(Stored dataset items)
----------

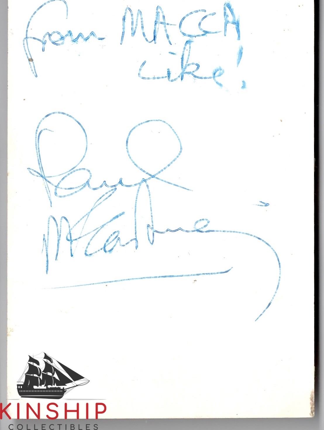 PAUL MCCARTNEY SIGNED PHOTO (CUT) JSA LOA INSCRIBED NICKNAME “MACCA” RARE Z804 COLLECTIBLE MEMORABILIA
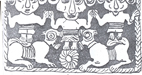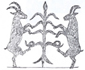شکل 22- تکه سفال نقش دار از تخت جمشید اجرای رقص با ماسك بز كوهی و شاخههای سبز درختی كه دارای برگهای متقارن باشد، ذهن انسان را بیاختیار به یك موضوع مذهبی از این دورهها منتقل میسازد كه نقش آن مكرراً بر روی ظروف و آثار دیگر آن دورهها نقاشی و حك شده است و آن تصویر دو بز كوهی (رمز خدای كوهستانها) به حالت ایستاده و نیمخیز در دو طرف «درخت زندگی» است كه دارای شاخهها و تزیینات متقارن است. این نقش یكی از موضوعات بسیار معمولی و متداول آن زمانهاست و یك عقیده مذهبی عمومی مردم آسیای غربی را بیان و توضیح مینماید (ش 23).
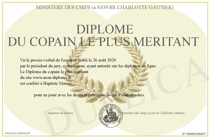 Envoyez par email votre Diplôme du copain le plus méritant personalisé
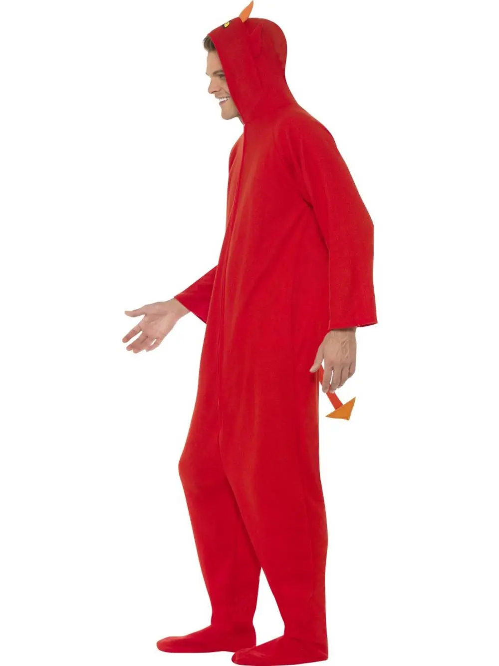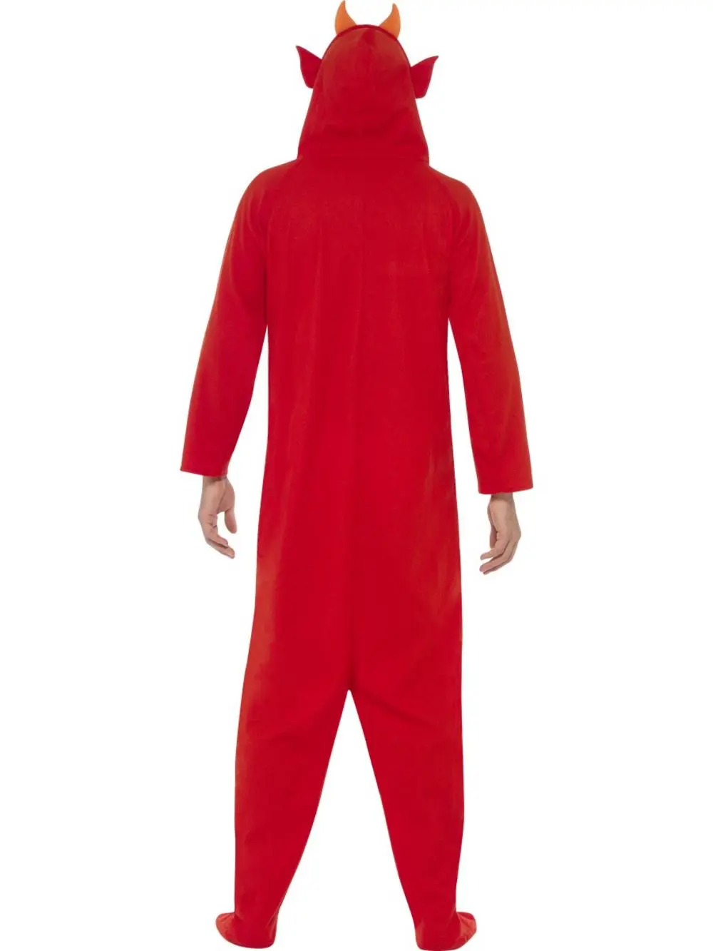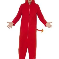 red jumpsuit styled with an attached hood, horns, foot covers and a
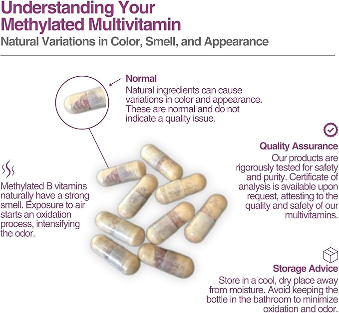• BIOAVAILABLE METHYLFOLATE FOR HOMOCYSTEINE BALANCE: Our MTHFR multivitamin without folic acid boasts Choline, methyl folate (5-MTHF), Methyl B12, B6, and other methylated B vitamins. This combination supports a healthy homocysteine balance and metabolism, contributing to overall wellness.
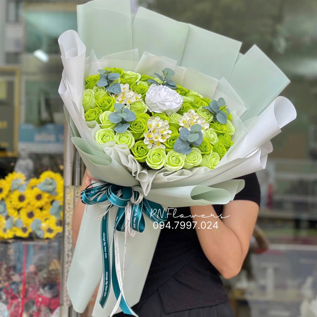 Bó Hoa Sáp 50 Bông Tone Xanh Lá Mix Mẫu Đơn
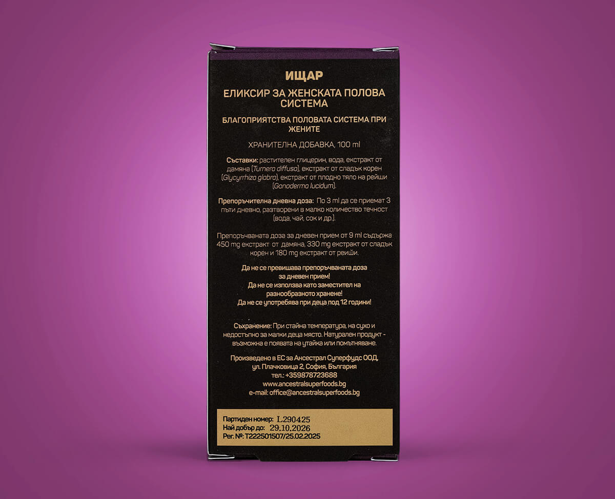 Ishtar е натурален течен еликсир, който подкрепя женската полова система и хормоналния баланс. Билките дамяна, женско биле и рейши подобряват либидото, облекчават симптомите на ПМС и менопауза, намаляват стреса и укрепват имунитета.
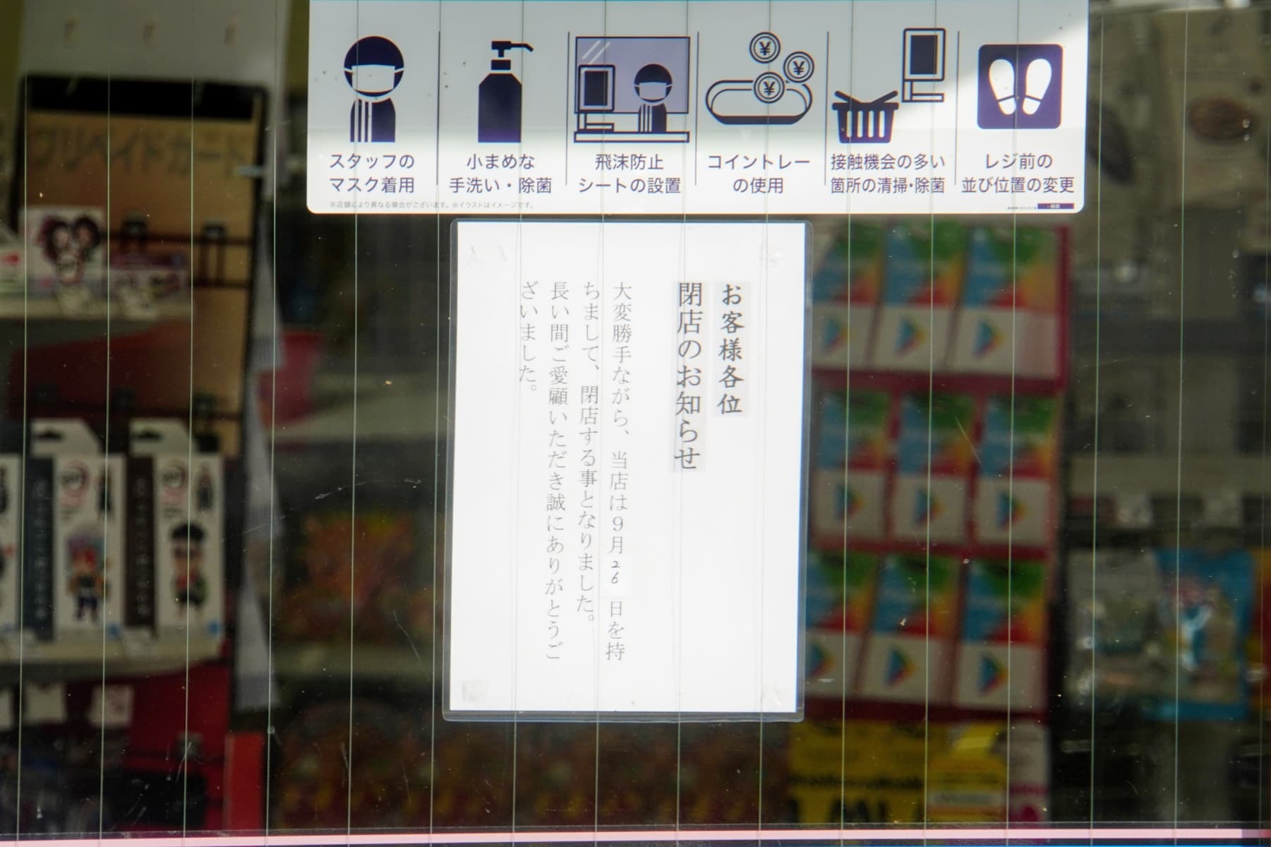 ↑入り口ドアに「閉店のお知らせ」が貼ってあります。
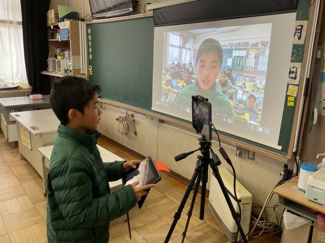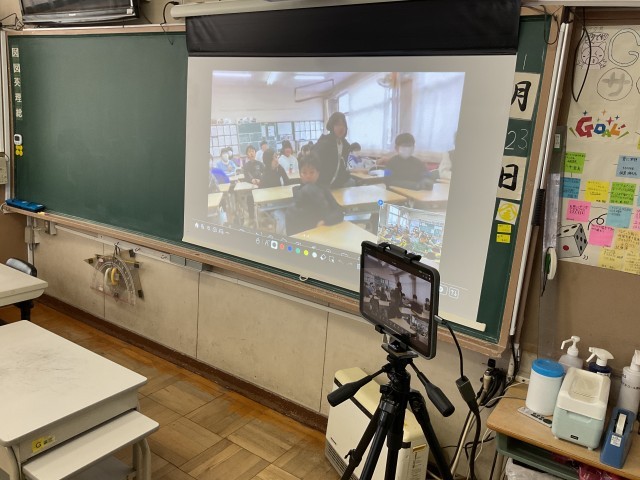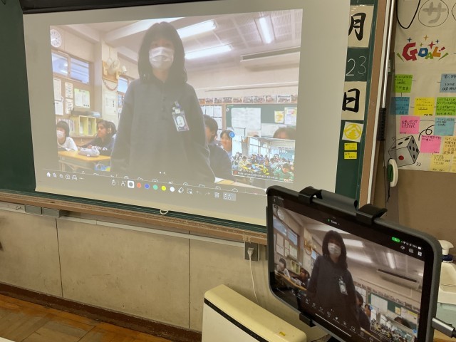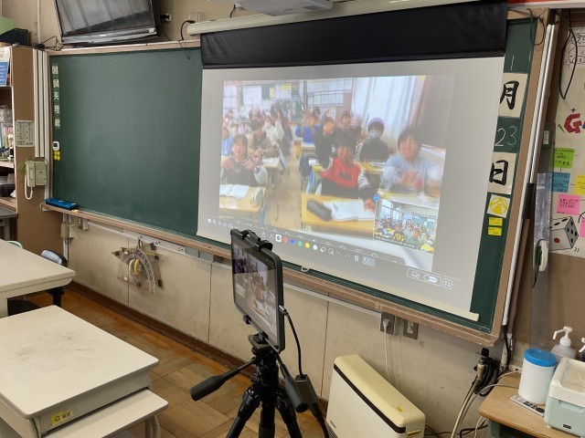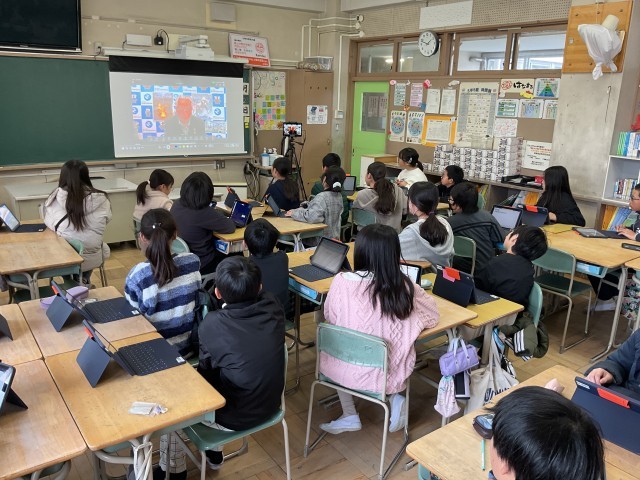 社会科の学習として、日本の北端の島々の様子について、色丹島に住んでいた方のお話を聞きました。根室市と米野小学校をオンラインで結んで、戦争前の島での生活の様子や、戦後島を追われて別の島に移った苦労などについて教えていただきました。その後、クラスごとに質疑応答をし、現在はそれらの島々に自由に行き来できないことを知りました。

----------

Retype the entries above exactly. Stop after the line containing "red jumpsuit styled", and omit the pictures.

# Completed task:
 PAUL MCCARTNEY SIGNED PHOTO (CUT) JSA LOA INSCRIBED NICKNAME “MACCA” RARE Z804 COLLECTIBLE MEMORABILIA
شکل 22- تکه سفال نقش دار از تخت جمشید اجرای رقص با ماسك بز كوهی و شاخههای سبز درختی كه دارای برگهای متقارن باشد، ذهن انسان را بیاختیار به یك موضوع مذهبی از این دورهها منتقل میسازد كه نقش آن مكرراً بر روی ظروف و آثار دیگر آن دورهها نقاشی و حك شده است و آن تصویر دو بز كوهی (رمز خدای كوهستانها) به حالت ایستاده و نیمخیز در دو طرف «درخت زندگی» است كه دارای شاخهها و تزیینات متقارن است. این نقش یكی از موضوعات بسیار معمولی و متداول آن زمانهاست و یك عقیده مذهبی عمومی مردم آسیای غربی را بیان و توضیح مینماید (ش 23).
 Envoyez par email votre Diplôme du copain le plus méritant personalisé
 red jumpsuit styled with an attached hood, horns, foot covers and a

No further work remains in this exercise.